What is the limit probability an element of $x \in S$ belongs to $f^n(S)$, for $n \to \infty$?

Question

Let $S$ be a finite set of $|S|=n$ elements and $F$ be the set of all functions $f:S\rightarrow S$.

It's easy to demonstrate that the integer sequence $\{c_i\} = |{\rm Im}(f^i)|$:

1. is non increasing;
2. consists of a strictly decreasing sequence up to a certain $n'$, after which becomes constant;
3. $n' \leq n$ where $n'$, as defined above, is the maximum number for which $i \leq n' \implies \{c_i\} = |{\rm Im}(f^{i})|$ is strictly decreasing;

Quick demonstration:

$\forall i \geq 1, {\rm Im}(f^i) = {\rm Im}(f|_{{\rm Im}(f^{i-1})})$

while $f^0$ is identity and $f|_A$ means "$f$ restricted to $A$".
Obviously, either

$\left|\textrm{Im}(f|_{\textrm{Im}(f^{i-1})})\right| < |\textrm{Im}(f^{i-1})|$

or

$\left|\textrm{Im}(f|_{\textrm{Im}(f^{i-1})})\right| = |\textrm{Im}(f^{i-1})|$

which demonstrates 1. 2 derives from the fact $|\textrm{Im}(f|_{\textrm{Im}(f^{i-1})})| = |\textrm{Im}(f^{i-1})|$ means that $f|_{\textrm{Im}(f^{i-1})}$ is a permutation, and permutations are closed with respect of composition. 3 follows from observing the simple example in which $S = \{1, 2, \cdots, n', \cdots, n\}$ and $f(x) = x+1$, for $x \in \{1, \cdots, n-1\}$ and $f(n) = n'$. In this case, we have $\{c_i\} = n-i$ for $1 \leq i < n$ and $\{c_i\} = 1$ for $n \leq i$, and that shows that $n'$ can have any value between $0$ and $n$.

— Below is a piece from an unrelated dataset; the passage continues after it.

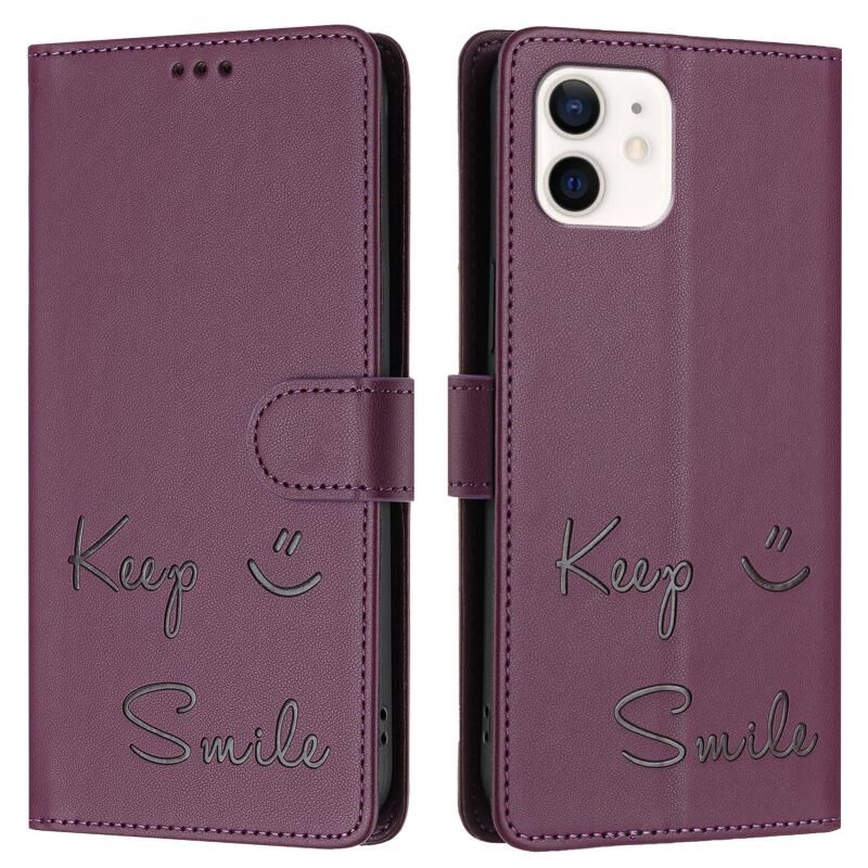 Θήκη τηλεφώνου δερμάτινη με ανάγλυφο χαμόγελο και προστασία RFID για iPhone 12 mini (Βιολετί)

So, in summary, and roughly speaking, 'if you iterate a function over a finite set enough times, you end up with fixed-sized set'. My question is: when size $|S| = n$ of the initial set tends to infinity, and $f$ is randomly chosen from $F$, what is the expectation of the ratio of the sizes of the set resulting of such iterations and the initial set? Namely what is $\lim_{n \to \infty}E[|\textrm{Im}(f^n(S))|/n]$

There is an immediate application to this question which are the considerations about loss of entropy due to birthday paradox in hashes.

Answer 1

If $|S|=n$ and $c\in S$, then $c\in Im(f^n)$ iff there exists $1\leq k\leq n$ with $f^k(c)=c$.

Proof: If $f^k(c)=c$ and $n=k\cdot l+r$ with $0\leq r<k$, then $f^n(f^{k-r}(c))=f^{k-r}f^r(c)=f^k(c)=c$, thus $c\in Im(f^n)$. If $c\in Im(f^n)$ and $f^n(a)=c$, then $a,f(a),f^2(a),...,f^n(a)$ can't all be pairwise distinct, so there exists $n\geq l>0$ and $k\geq 0$ such that $f^lf^k(a)=f^k(a)$, but then $c=f^i(f^k(a))$ for some $0\leq i\leq l$, thus also $f^j(c)=f^k(a)$ for $j=l-i$, thus $f^{l}(c)=c$.

Now, for each $1\leq k\leq n$ there are $\frac{(n-1)!}{(n-k)!}n^{n-k}$ functions $f$ with $f^k(c)=c$ (where $k$ is minimal with this property).

Define $I_c(f)=1$ if $c\in Im(f^n)$ and $I_c(f)=0$ otherwise. Then $E I_c=n^{-n}\sum_{k=1}^n\frac{(n-1)!}{(n-k)!}n^{n-k}$ and $|Im(f^n)|=\sum_{c\in S}I_c(f)$.

Thus the expected value for $n$ is $n \cdot n^{-n}\sum_{k=1}^n\frac{(n-1)!}{(n-k)!}n^{n-k}=n^{-n}\sum_{k=1}^n\frac{n!}{(n-k)!}n^{n-k}=n^{-n}\sum_{k=0}^{n-1}\frac{n!}{k!}n^{k}\leq n^{-n}n!e^n$

and by Stirling's formula this is bounded by $O(\sqrt{n})$. Thus if you devide the average by $n$ as in the OP, the limit will be $0$.